[[ SOURCE MATERIAL, beginning ]]
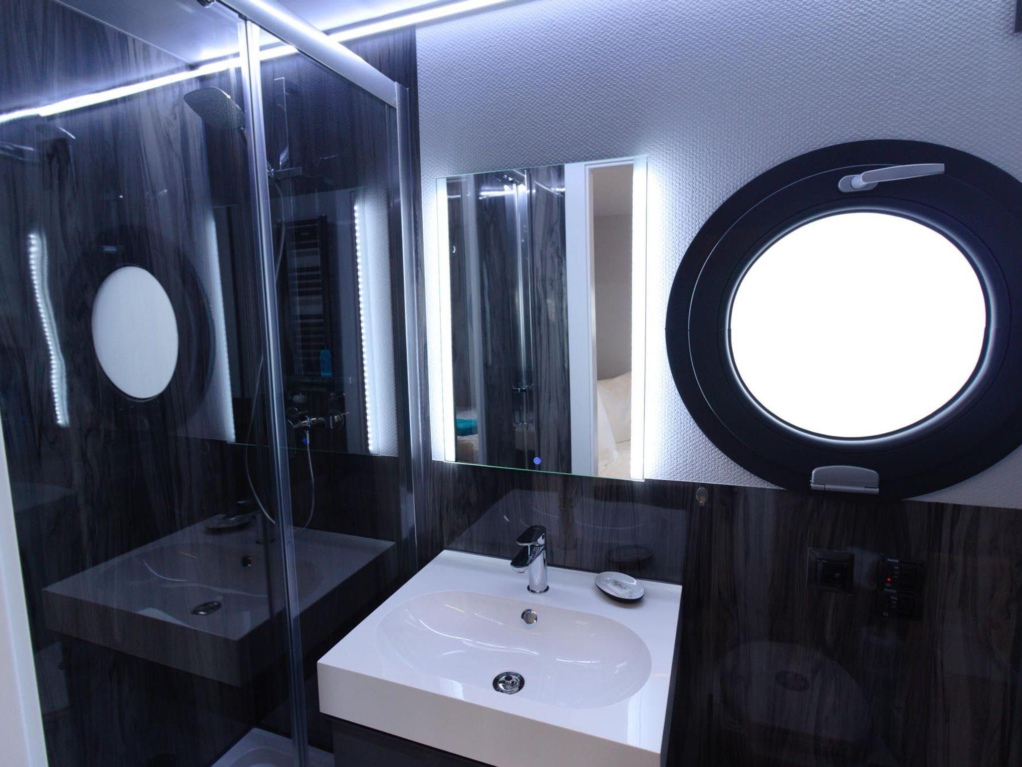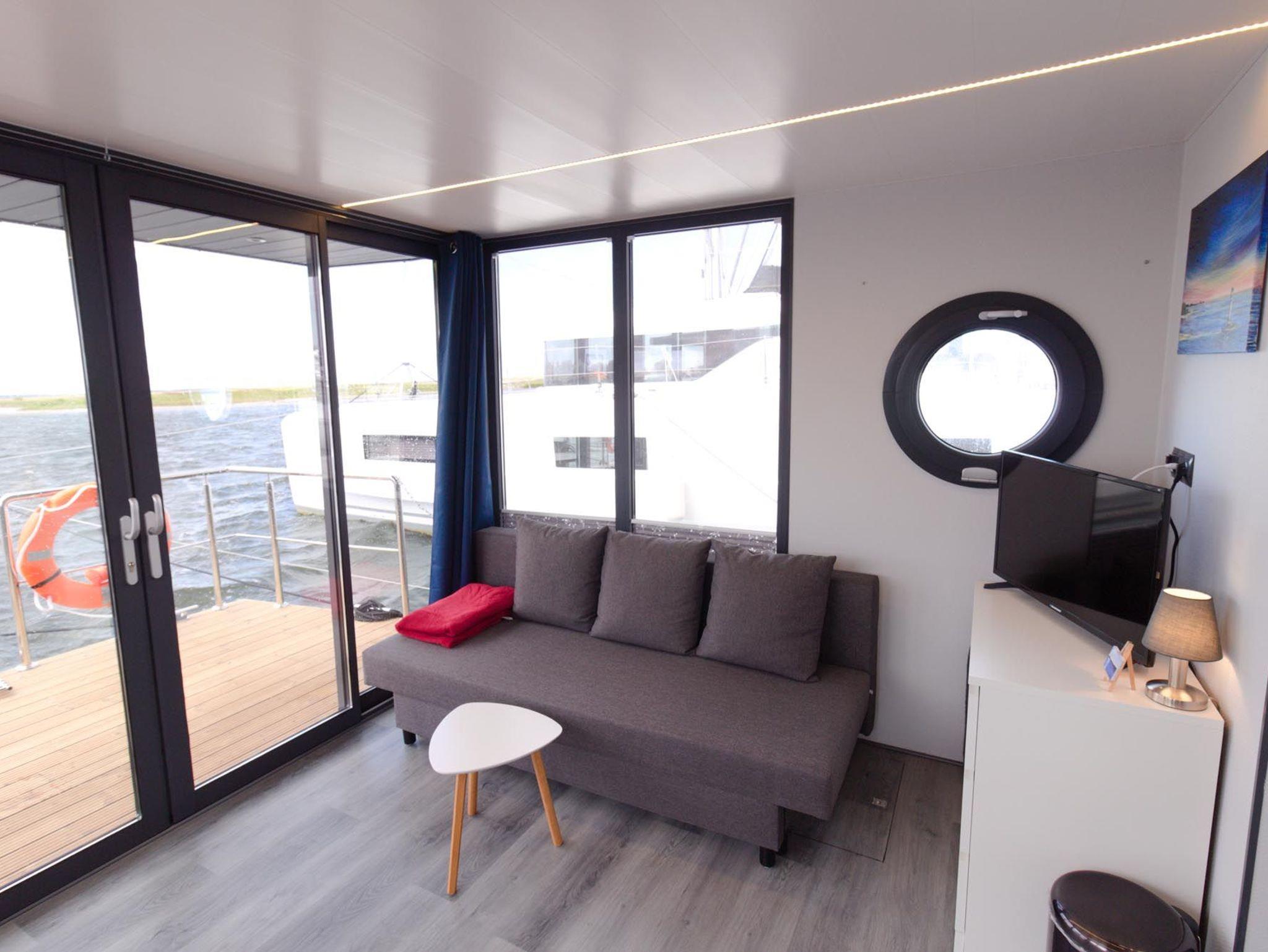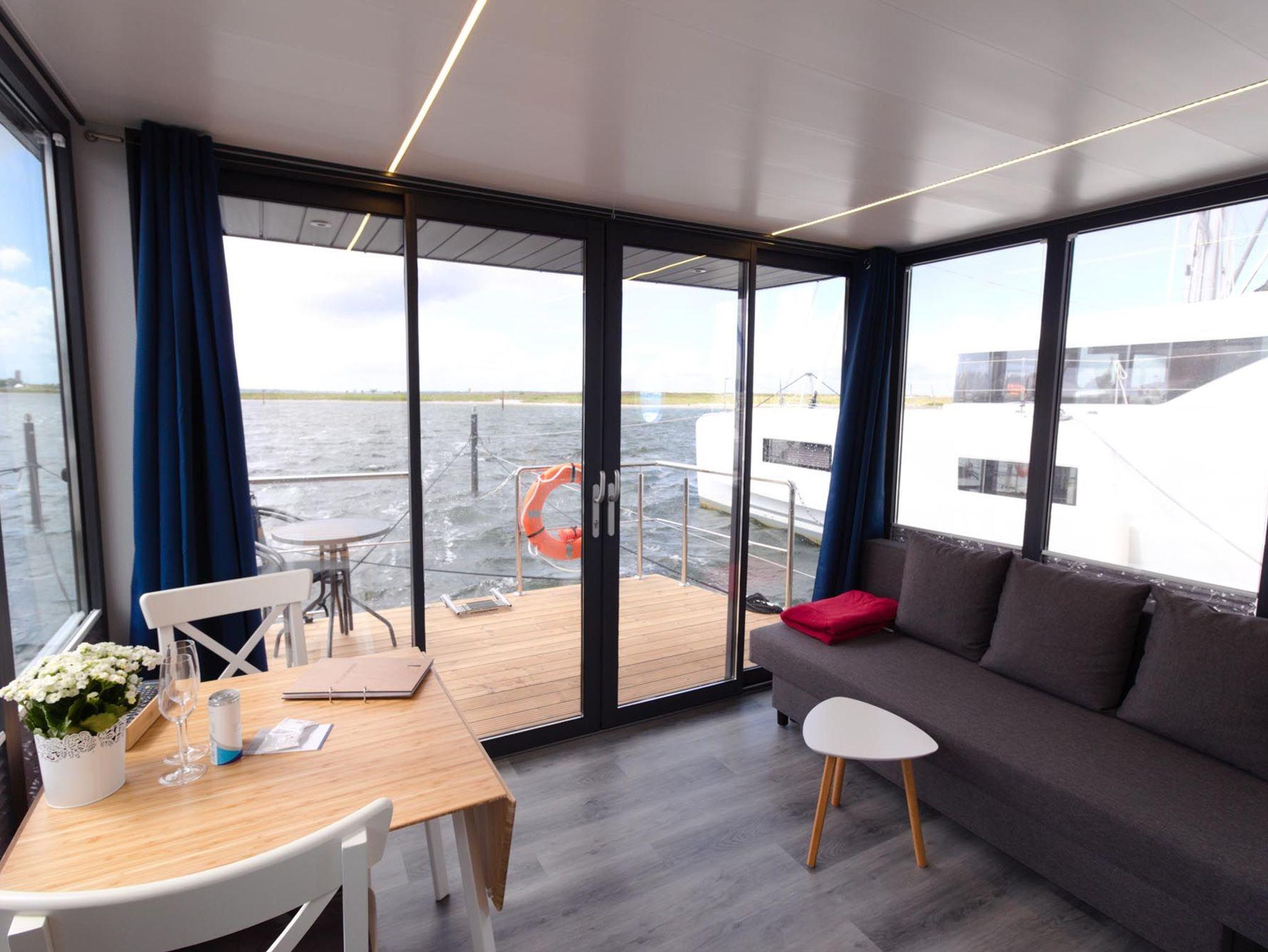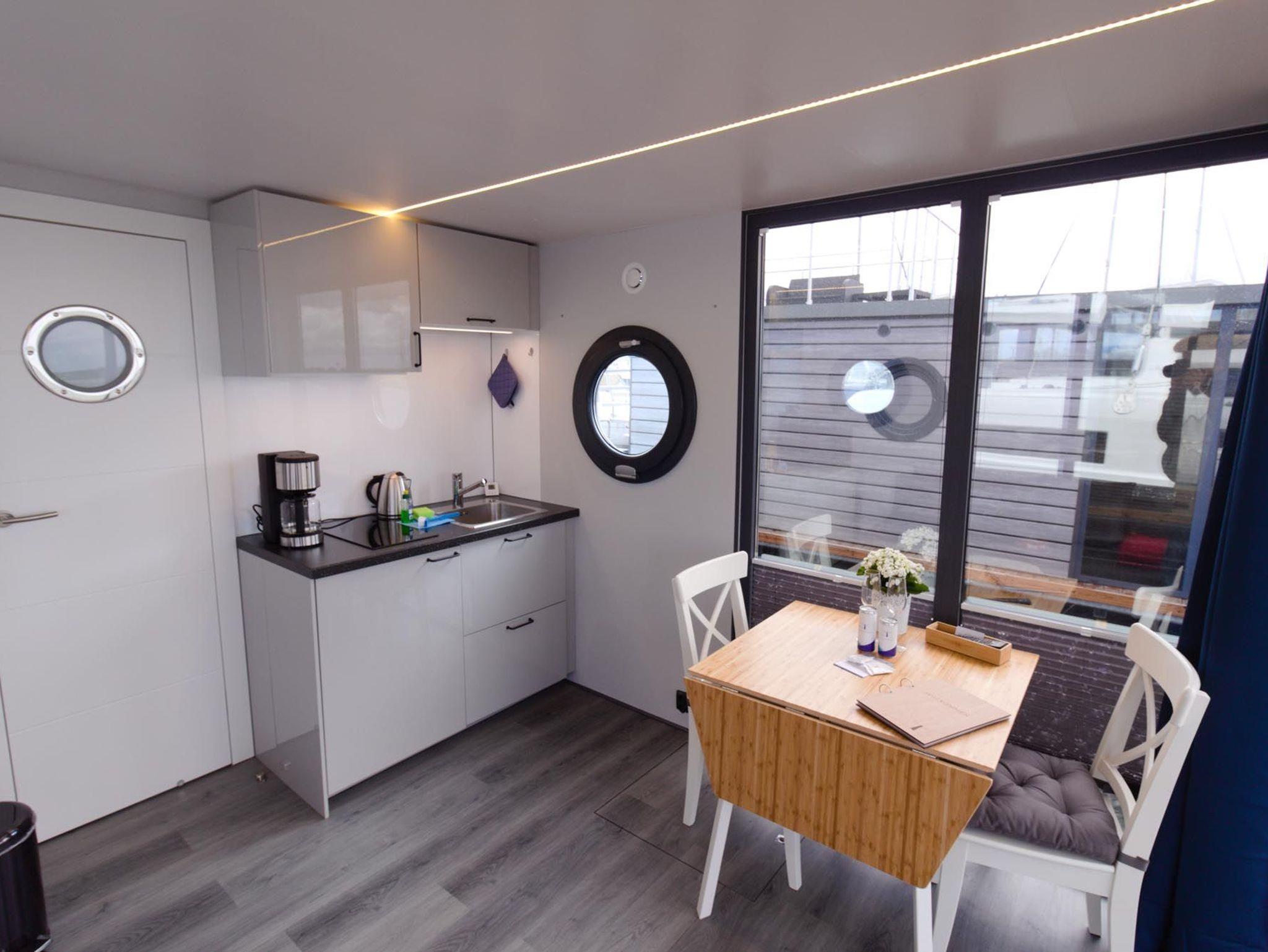 Dieses großzügige mobile Hausboot bietet Ihnen auf 32 qm Bootsfläche den ganzen Komfort einer modernen und hochwertigen Ferienwohnung mit Sonnen- und Dachterrasse. Im gemütlichen Wohnraum mit Wohnküche lässt es sich entspannt auf der ausziehbaren Couch verweilen oder Sie kommen am großzügigen Tisch zu einem leckeren Essen oder Spieleabend zusammen. Die vollausgestattete Küche mit allen wichtigen Küchengeräten und einem Induktionsherd lässt keine Wünsche offen.
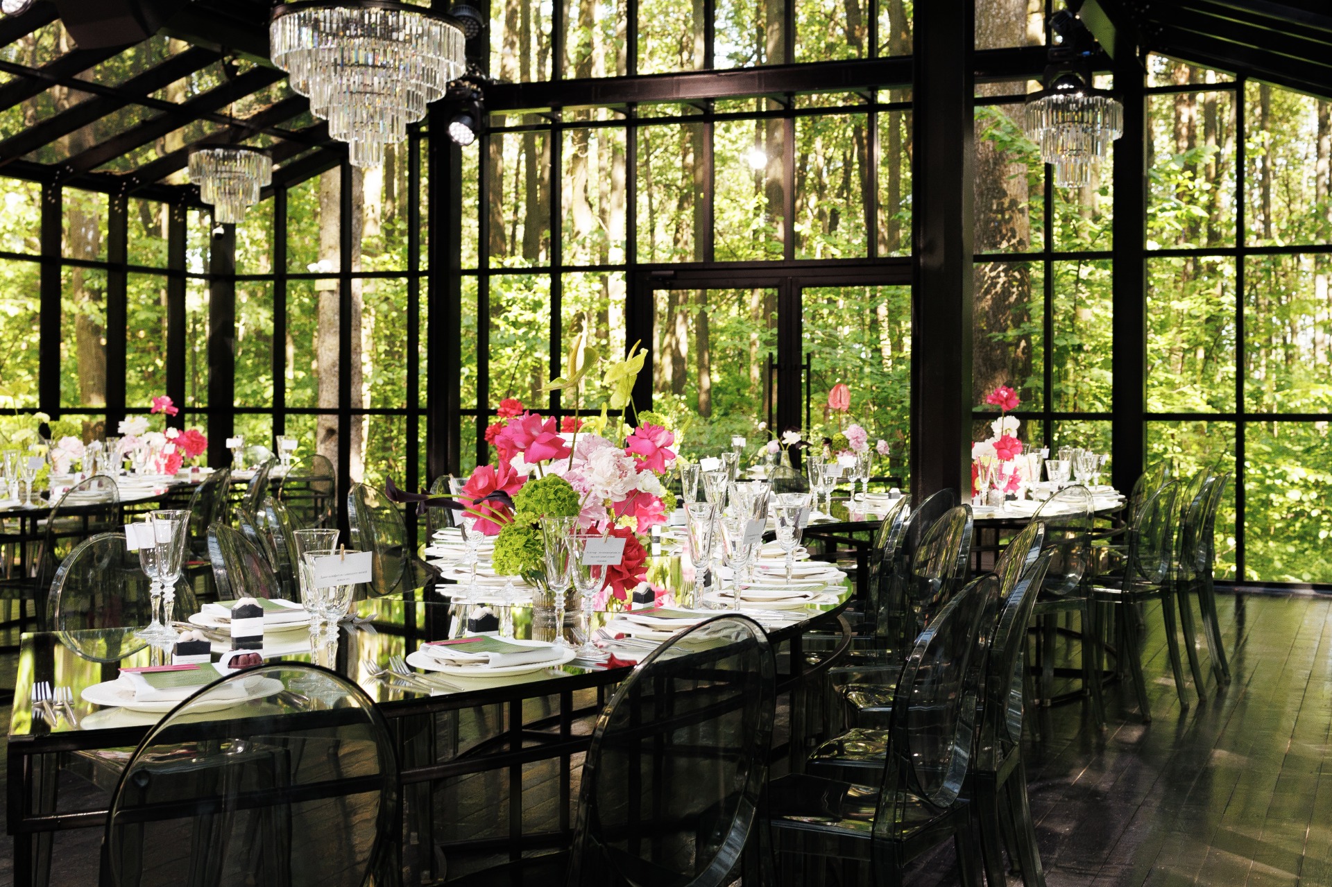 Над декором я долго размышляла и решила сыграть на контрасте: стеклянные столы в форме змейки и яркие цветочные композиции. Пространство заиграло: стало лёгким и живым. Мы заказали профессиональный свет, и лучи солнца играли на стекле и лепестках. Всё выглядело, как поле цветов на закате.
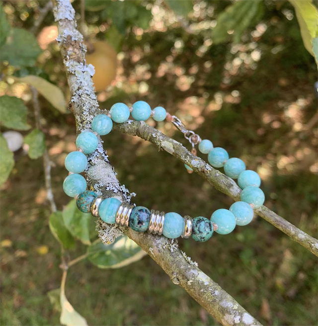 Bracelet homme avec des pierres naturelles de 8mm en amazonite et chrysocolle
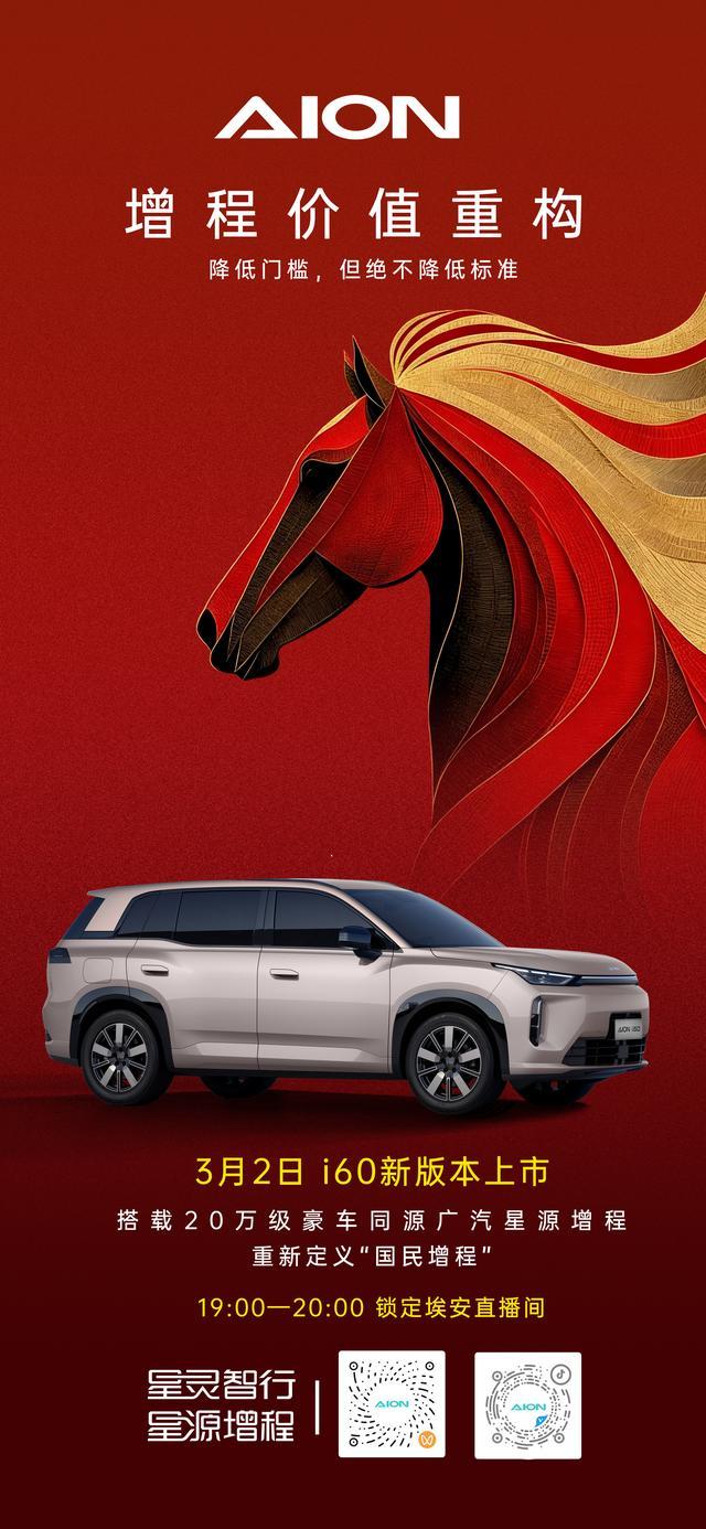 [懂车帝原创 产品] 日前,我们从官方获悉,埃安AION i60将于3月2日加推增程新版本,或将命名为马到成功版。新车将搭载广汽星源增程动力,匹配1.5升增程器。官方表示,新车售价将降低门槛。作为参考,现款埃安AION i60增程版的起售价为10.98万元。
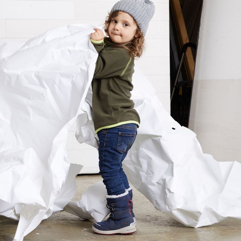 V notranjosti je topla, visoko podložna podloga in GORE-TEX membrana, ki je 100% vodoodporna. Obuvanje je preprosto. Prileganje pa odlično, saj si ga otroci z lahkoto zatesnijo z elastičnimi vezalkami in patentom za ustavitev. Podplat je dovolj visok, da za ščiti čevelj pred umazanijo in poveča samo trpežnost čevlja. Ojačani so tudi prstni in robni predeli, da držijo noge na mestu, ko so otroci najbolj aktivni.
[[ SOURCE MATERIAL, end ]]
### YOUR ASSIGNMENT
Output only the lines from the line that contains "[懂车帝原创 产品] 日前,我们从官方获悉,埃安AION" through the end of the material, both ends included, and skip every picture.

### TASK SOLUTION
 [懂车帝原创 产品] 日前,我们从官方获悉,埃安AION i60将于3月2日加推增程新版本,或将命名为马到成功版。新车将搭载广汽星源增程动力,匹配1.5升增程器。官方表示,新车售价将降低门槛。作为参考,现款埃安AION i60增程版的起售价为10.98万元。
 V notranjosti je topla, visoko podložna podloga in GORE-TEX membrana, ki je 100% vodoodporna. Obuvanje je preprosto. Prileganje pa odlično, saj si ga otroci z lahkoto zatesnijo z elastičnimi vezalkami in patentom za ustavitev. Podplat je dovolj visok, da za ščiti čevelj pred umazanijo in poveča samo trpežnost čevlja. Ojačani so tudi prstni in robni predeli, da držijo noge na mestu, ko so otroci najbolj aktivni.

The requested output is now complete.